Chris Newens in Paris
Thursday 7 December 2017 06.00 GMT
It was past midnight, I was new to Paris and the city’s municipal bike sharing system seemed something to be regarded with mistrust. It was the first time I ever used Vélib’. It’s hard to believe now, but in 2009 – before the Boris bike, before Uber, and in the bureaucratic world of France – being able to rent a bicycle from a machine using nothing but my credit card seemed too good to be true.
I took the bike out, paid the €150 (£130) deposit plus the 24-hour rental fee of €1, and pedalled on to the streets. The city’s Haussmann beauty sped by. It was like I could feel Paris shrinking just for me. The name, a portmanteau of velo (bike) and liberté (freedom) made instant sense. I only realised that I was cycling direct on to Charles de Gaulle Étoiles – one of the world’s most perilous roundabouts – when I was already there, counting three cars converge at me over the cobbles.

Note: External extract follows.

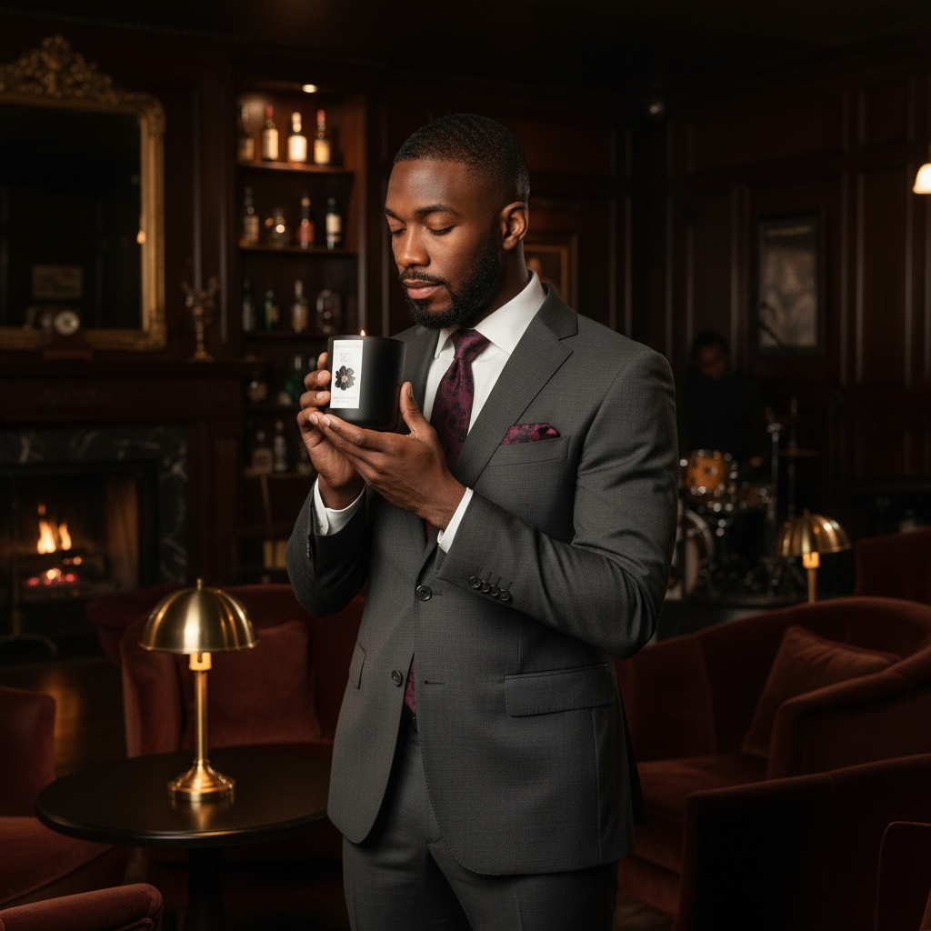 GENTLEMEN'S CLUB: 12 oz glass vessel, wood wick, wood lid

It is now 10 years since Vélib’ was established. The scheme’s trailblazing success has seen bike sharing reach almost 50 countries and roughly 1,000 cities worldwide
Now Vélib’s operator, JCDecaux, which won the contract in part-exchange for advertising space around the city, has seen its tenure expire. Its successor, Smoovengo, a French-Spanish consortium that runs bike share schemes in 26 other cities, is ushering in a systemic overhaul, due to be complete by the new year. And with rival schemes based on a “dockless” model already popular in China recently being introduced, the French capital is gearing up for major change.